Ancak Bilim ve Teknoloji Bilgi ve İletişim Bakanlığı, hisse satışının değerlendirilmesinin tamamen Naver'in iradesine bağlı olduğunu savunuyor. Bakanlığın bir yetkilisi, "LINE Yahoo'nun ana şirketi olan A Holdings'in hisselerinin %50'si Naver'e, %50'si Softbank'a aitti. Ancak LINE Yahoo'nun yönetimi, 2019 yılından itibaren yönetim kurulu yapısı ve diğer unsurlar nedeniyle fiilen Softbank'ın kontrolü altındaydı" dedi. "Naver, kendi teknolojisini ve bilgi birikimini LINE Yahoo'ya entegre etmeyi gerçekçi olarak zor buldu ve uzun vadeli işletme bakış açısından hisse satışını da içeren çeşitli seçenekleri değerlendirdi."
Öte yandan, hükümetin Yoon Seok-yeol yönetiminin Japonya ile ilişkilerdeki iyileştirme çabalarına bağlı olarak yeterince güçlü bir tepki vermediği yönündeki eleştirilere karşı, hükümet "Kesinlikle öyle değil" diyerek yanıt verdi. Kang, "Naver'in yönetim ve yönetişim bakımından kapsamlı bir değerlendirme süreci yürüttüğü çok önemli bir durumdu" dedi. "Eğer bir Güney Kore şirketinin tamamen haksız bir ayrımcılığa veya baskıya maruz kaldığına kanaat getirmiş olsaydık, hükümetin bugüne kadarki tavrı tamamen farklı olurdu."

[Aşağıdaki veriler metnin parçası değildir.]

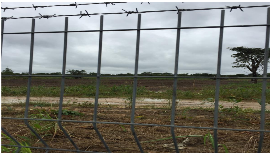
Figura nº 5. Terreno de aulas práticas de agricultura - Sacassanje. Foto tirada dia 15.03.2016, 12h00:44'.

No centro de Sacassanje nota-se como espaços exteriores, um átrio e um estacionamento, logo logo ao portão de acesso ao centro. O recinto é bastante enorme, cercado de uma vedação de arame de aço. À sua volta há um terreno que serve para aulas de prática de agricultura, como se pode ver na figura nº 5. Uma pocilga com criação de suíno anexo ao lado um espaço com criação de patos.
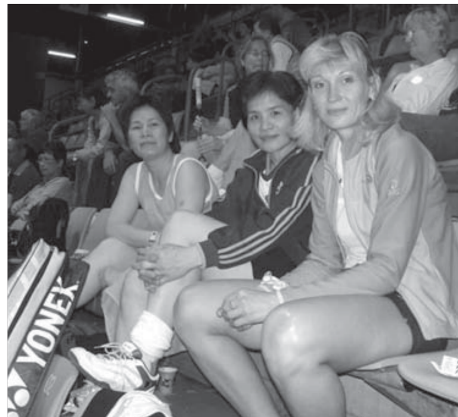
В миксте партнером Елены стала индонезийка

Курс акций ОАО "ГМК "Норильский никель" – 3823,8 рубля. ОАО "Полюс Золото" – 1550 рублей.
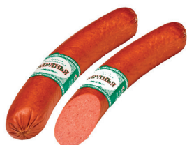
КОЛБАСА "БАРАНЬЯ" П/К "ЛАДОГА", 300 ГР
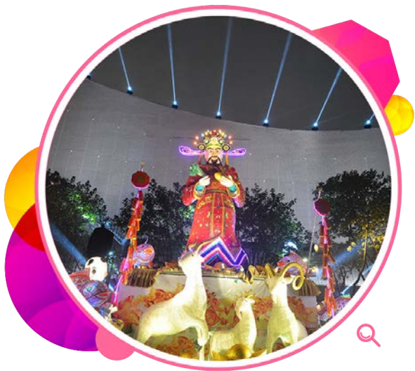
《三羊启泰迎财神》彩灯。

Öte yandan, Naver, hükümetin basın toplantısından bir saat önce Softbank ile hisse satışı da dahil olmak üzere tüm olasılıkları göz önünde bulundurarak görüşmeler yaptığını açıkladı. Naver, "Şirketimiz için en iyi sonucu elde etmek için, hisse satışını da içeren tüm olasılıkları göz önünde bulundurarak Softbank ile görüşmelere iyi niyetle devam ediyoruz" dedi. "İki ülkenin şirketlerinin kendi kararlarını kendi özgür iradeleriyle vermelerine olanak sağlayan hükümetin bu anlayışına minnettarız."